Dia menjelaskan warga tidak perlu kuatir untuk menerima vaksin covid. Karena apa yang dilakukan oleh pemerintah semua untuk kesehatan masyatakat. "Vaksin ini tidak ada efek sampingnya sama sekali," tegas Bupati Alor dua periode ini.

Ia mengaku dirinya yang tergolong lansia pun telah menerima vaksin Covid-19 beberapa waktu lalu.

Dan diakui tidak memiliki efek samping sama sekali.

Untuk tahap awal ini, penerima vaksin adalah tenaga kesehatan dan pejabat publik di Kabupaten Alor.

"Sedangkan untuk nasyarakat belum", kata Amon Djobo.

Diharapkan Amon Djobo bahwa seluruh tenaga medis, tokoh agama, tokoh masyarakat dan perangkat pemerintah sampai tingkat RT untuk bisa memberikan sosialisasi dan edukasi bagi masyarakat.

"(Seluruh perangkat) berikan edukasi positif bagi masyarakat sehingga masyatakat tidak menjadi takut. Ini hanya belum ada edukasi saja makanya mereka takut," tanda Amon Djobo.

Bupati Amon Djobo berjanji akan segera turun ke masyarakat di Desa Alila Timur untuk bertemu langsung dengan masyarakat.
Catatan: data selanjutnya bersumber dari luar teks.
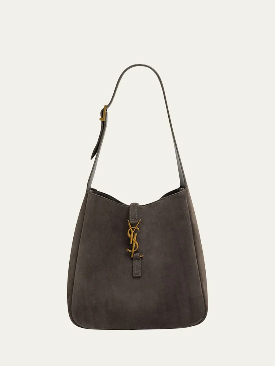 This spacious Saint Laurent "Le 5 A 7" shoulder bag is crafted in supple suede with rounded corners for a soft silhouette Adjustable shoulder strap, 8.3" drop Open top with YSL logo closure Interior, removable zip-top pouch Approx. 9"H x 8.7"W x 3.1"D Made in Italy Online Inquiries: BGS21_V6SAW| Store Inquiries: #5437551

Ia menyebut warga Alila bisa paham dan mendapat pengetahuan tentang vaksin Covid-19 sehingga saat tiba waktunya pemberian vaksin bagi masyarakat mereka tidak lagi takut.

Menurut Bupati Alor Amon Djobo, saat dilakukan vaksin pun akan ada tahapan-tahapan yang dilakukan oleh tenaga kesehatan.

"Ada empat meja yang harus dilalui oleh penerima vaksin, mulai dari mendaftar, pemeriksaan kesehatan baru dilakukan vaksin. Sehingga tidak sembatang tenaga kesehatan melakukan vaksin," jelasnya.

Sebelumnya warga Dusun II Batu Putih, desa Alila Timur, Kecamatan Kabola, Alor, Nusa Tenggara Timur kabur ke hutan karena beredar informasi akan dilakukan vaksinasi.

Mereka kabur karena takut divaksin Covid-19 sehingga mereka kabur ke hutan dan harus dijemput oleh kepala desa dan bhabinkamtibmas setelah memberikan penjelasan kepada mereka.

Menurur Kapolres Alor, AKBP Agustinus Chrismast warga takut dan trauma divaksin karena adanya berita-berita hoaks di media sosial tentang efek samping dari vaksin Sinovac.

Ada warga yang takut divaksin karena takut dengan jarum suntik.